Is there an isomorphism from a smooth vector bundle $E$ and its double dual bundle $E^{**}$ which doesn't depend on a bundle metric on $E$?

Question

I want to show that the map $F:(E,\pi)\rightarrow (E^{**},\pi^{**})$ define fiberwise to be $F\vert_{E_p}(v)=ev_v$ (where $ev_v:E_p^*\rightarrow\mathbb{R}$ sends $w\mapsto w(v)$ ) is a smooth bundle homomorphism. I know there already exists an isomorphism by virtue of the fact that every vector bundle admits a metric, but I want to see if this $F$ works. I'm stuck on the smooth part, it's clear, at least to me, that it's fiberwise linear, and that $\pi^{**}F=\pi$

Answer 1

Of course. This is just the vector space double duality elevated to the bundle level; it is a completely metric-independent notion.

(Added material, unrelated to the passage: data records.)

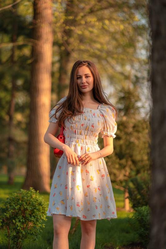 Легкое летнее мини платье из муслина в цветочный принт
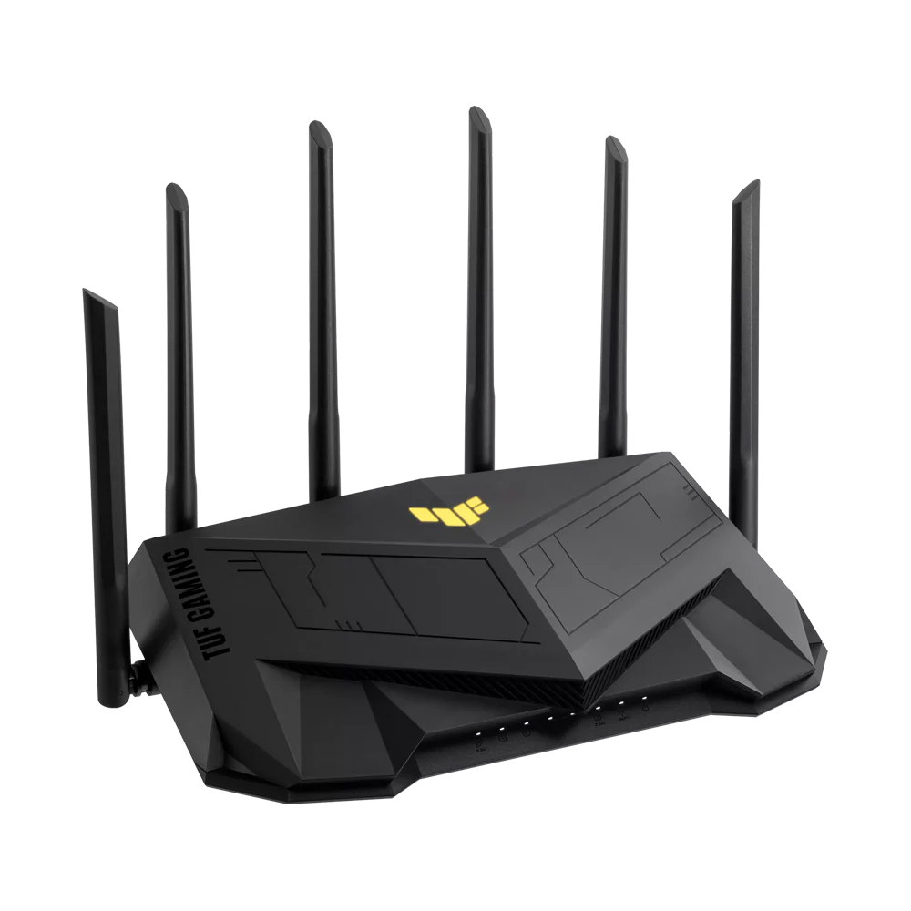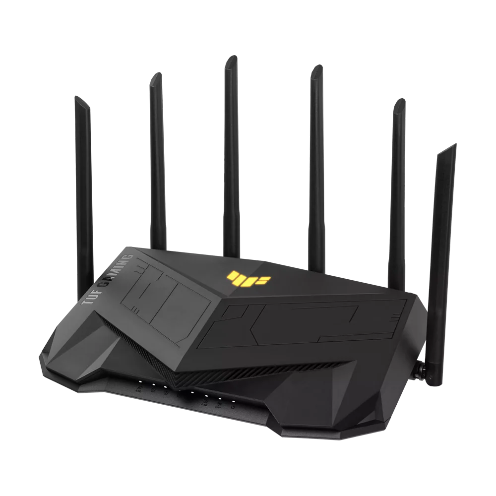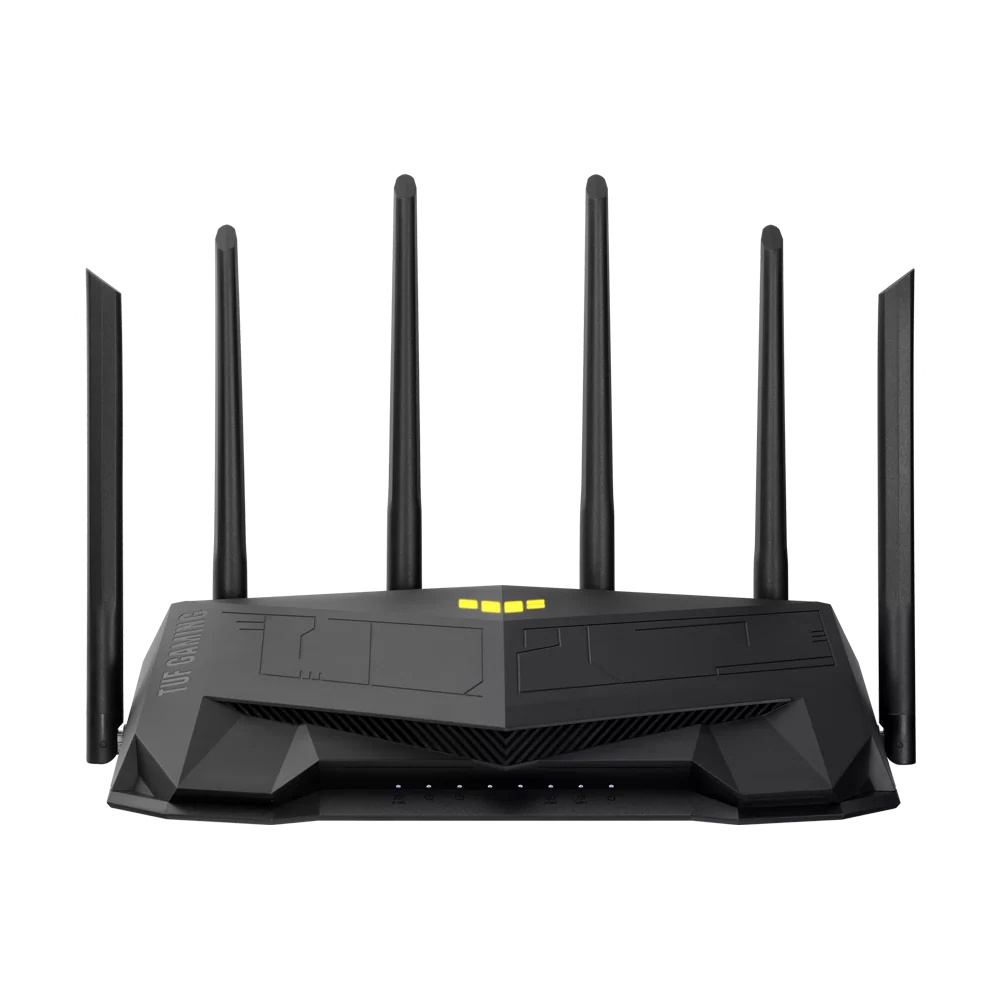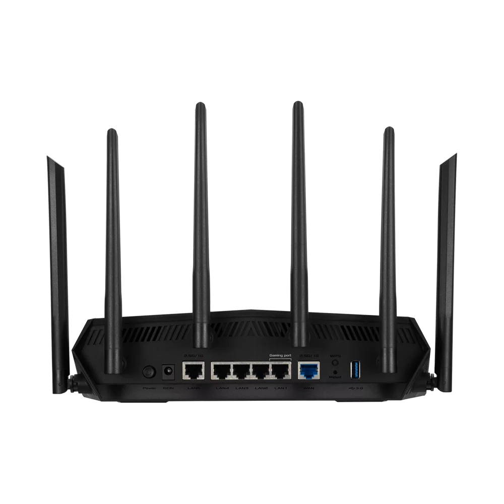 The ASUS TUF Gaming AX6000 is a powerful Dual-Band WiFi 6 (AX6000) gaming router designed for ultra-fast speed, stable connectivity, and high efficiency in device-dense environments. With dual 2.5G ports, a dedicated gaming port, AiMesh support, and military-grade durability, it delivers lag-free gaming and smooth multi-device performance.
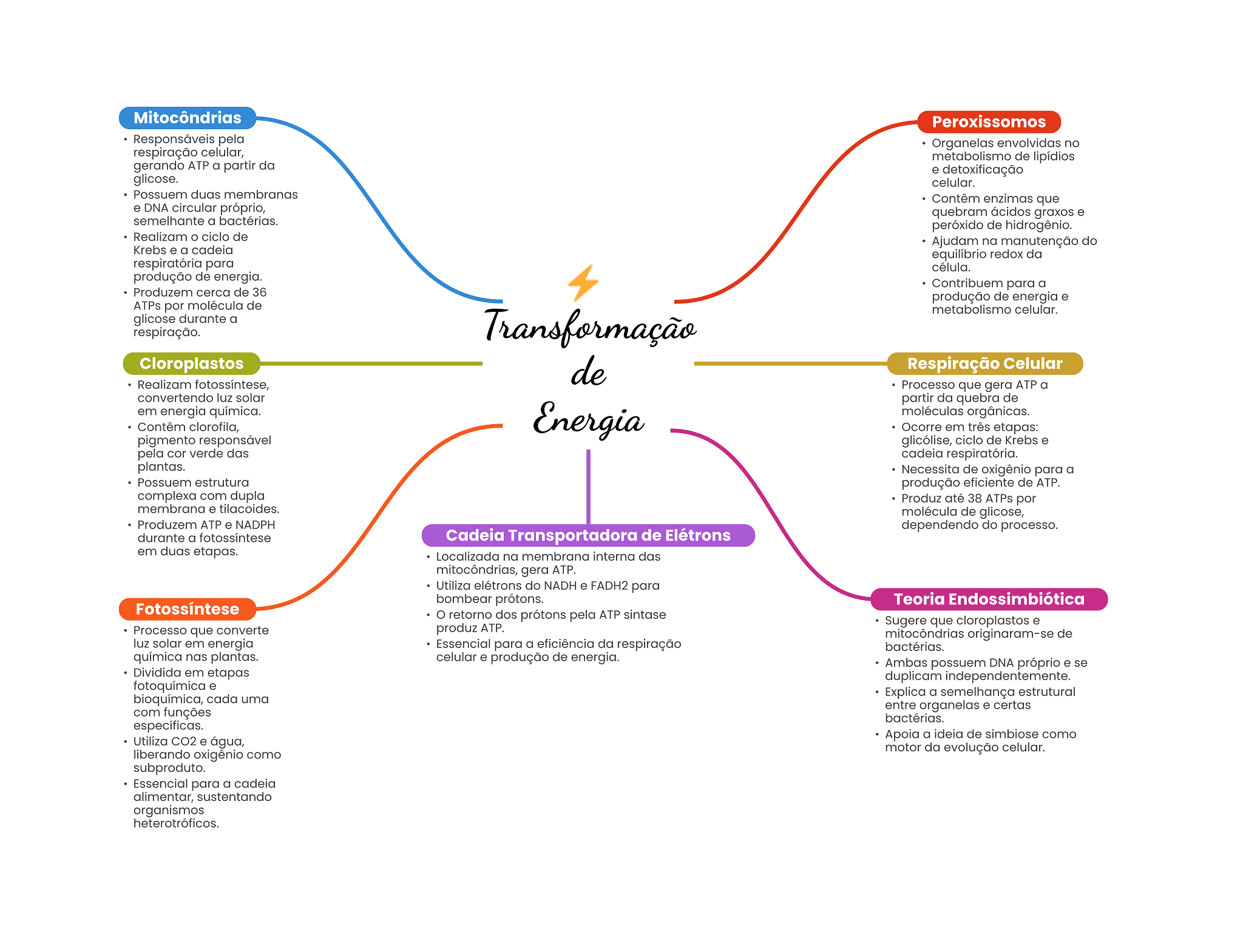 Mitocôndrias Peroxissomos Responsáveis pela Organelas envolvidas no respiração celular, metabolismo de lipídios gerando ATP a partir da e detoxificação glicose. celular. Possuem duas membranas Contêm enzimas que e DNA circular próprio, quebram ácidos graxos e semelhante a bactérias. peróxido de hidrogênio. Realizam ciclo de Ajudam na manutenção do Krebs e a cadeia equilíbrio redox da respiratória para célula. produção de energia. Contribuem para a Produzem cerca de 36 produção de energia e ATPs por molécula de metabolismo celular. glicose durante a respiração. Transformação Cloroplastos de Respiração Celular Realizam fotossíntese, Processo que gera ATP a convertendo luz solar partir da quebra de em energia química. Contêm clorofila, Energia moléculas orgânicas. Ocorre em três etapas: pigmento responsável glicólise, ciclo de Krebs e pela cor verde das cadeia respiratória. plantas. Necessita de oxigênio para a Possuem estrutura produção eficiente de ATP. complexa com dupla Produz até 38 ATPs por membrana e tilacoides. molécula de glicose, Produzem ATP e NADPH dependendo do processo. durante a fotossíntese Cadeia Transportadora de Elétrons em duas etapas. Localizada na membrana interna das mitocôndrias, gera ATP. Utiliza elétrons do NADH e FADH2 para bombear prótons. Teoria Endossimbiótica Fotossíntese retorno dos prótons pela ATP sintase Sugere que cloroplastos e Processo que converte produz ATP. mitocôndrias originaram-se de luz solar em energia Essencial para a eficiência da respiração bactérias. química nas plantas. celular e produção de energia. Ambas possuem DNA próprio e se Dividida em etapas duplicam independentemente. fotoquímica e bioquímica, cada uma Explica a semelhança estrutural com funções entre organelas e certas bactérias. específicas. Apoia a ideia de simbiose como Utiliza CO2 e água, motor da evolução celular. liberando oxigênio como subproduto. Essencial para a cadeia alimentar, sustentando organismos heterotróficos.
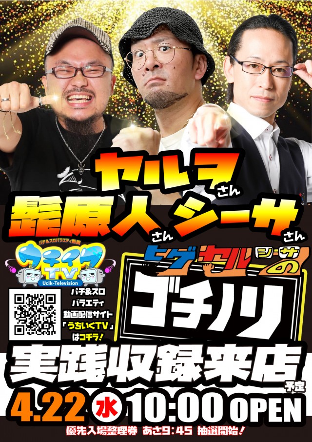 新台入替&ゴチノリ収録!10時開店!9:45整理券抽選開始!
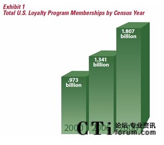 據(jù)權(quán)威的客戶忠誠(chéng)度研究機(jī)構(gòu)COLLOQUY在2009出版的一份報(bào)告,2008年底,全美客戶忠誠(chéng)度計(jì)劃的參與人次達(dá)到18.07億,平均每個(gè)美國(guó)家庭參與了14.1個(gè)忠誠(chéng)度計(jì)劃,相較2006年底的13.41億參與人次,共增了了24.73%(連續(xù)兩年環(huán)比增長(zhǎng)12%/年),而同期美國(guó)的GDP增長(zhǎng)僅為2.2%。從這一點(diǎn)上看,美國(guó)企業(yè)對(duì)忠誠(chéng)度營(yíng)銷(xiāo)的熱情不減,盡管忠誠(chéng)度營(yíng)銷(xiāo)在美國(guó)已相當(dāng)成熟,但美國(guó)企業(yè)仍然把它當(dāng)作是營(yíng)銷(xiāo)的重要工具。
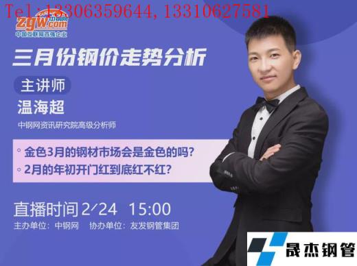 3月旺季臨近,精密鋼管市場會是金色的嗎?在庫存大幅走高,鋼價如何演繹?伴隨著政策監(jiān)管日益趨嚴,鐵礦石價格大跌之后,一季度還存在哪些機會?更多熱點資訊,請關(guān)注2月24日下午三點,2022年三月份行情直播會,河南銀商通實業(yè)有限公司總經(jīng)理孫建、資訊研究院高級分析師溫海超等,圍繞著“市場精密鋼管需求方向解析”、“當(dāng)下政策的影響”、“影響鋼價熱點話題”、“3月份鋼價走勢預(yù)測”等熱點話題鞭辟入里、層層分析。
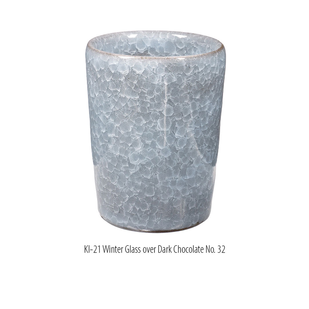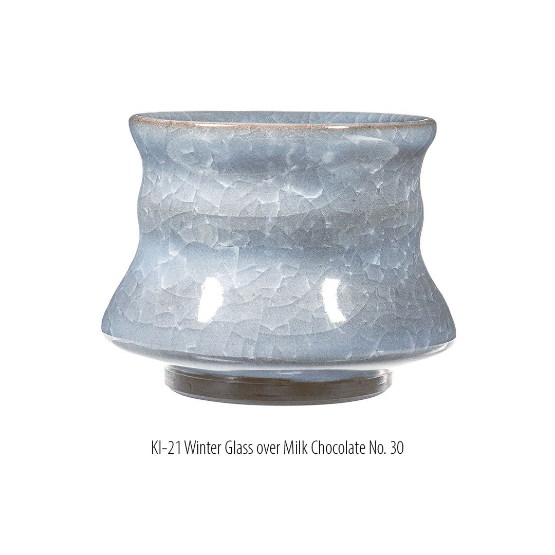 The AMACO Kiln Ice range is inspired by traditional Guan and Snowflake glazes, characterised by a fine network of hairline cracks known as "crazing". These glazes are translucent overall, but become slightly opaque where the cracks develop, resulting in a beautiful layered visual texture. Variations in application thickness and firing technique can also affect the fired result.
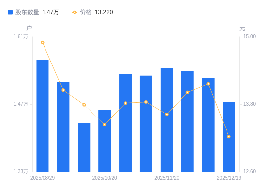 1月6日消息,数据显示,截至2025年12月19日,欣天科技A股股东总户数为1.47万户,较上期(2025年12月10日)减少496户,降幅3.26%。公司最新A股总股本为1.93亿股,其中流通A股1.25亿股,户均持有流通A股数量为8496.87股,较上期增加276.59股,增幅3.36%;户均持流通A股市值11.23万元,较上期减少4070.5元,降幅3.50%。

The canonical map $\iota_E:E\to E^{**}$ is clearly bijective (because on each fiber we have a linear isomorphism). Smoothness is a local condition, so we can work one local trivialization at a time; we may thus assume $M$ is open in some $\Bbb{R}^k$, $E=M\times V$ is a trivial vector bundle and then $E^{**}=M\times V^{**}$, and the map $\iota_E$ becomes (i.e once you compose with the vector bundle chart on the domain and target) $M\times V\to M\times V^{**}$, $(x,v)\mapsto (x,\iota_V(v))$. This is clearly a smooth map (it’s even linear in the second component).

Hence, $\iota_E:E\to E^{**}$ is a smooth vector bundle map over $M$ which is a fiberwise isomorphism. By abstract reasoning, you can deduce the inverse is also smooth; though in this case, you can see easily that the inverse is locally given by $M\times V^{**}\to M\times V$, $(x,\zeta)\mapsto (x,\iota_V^{-1}(\zeta))$ which is smooth (again it’s even linear in the second argument). Hence, $\iota_E$ gives an isomorphism of vector bundles.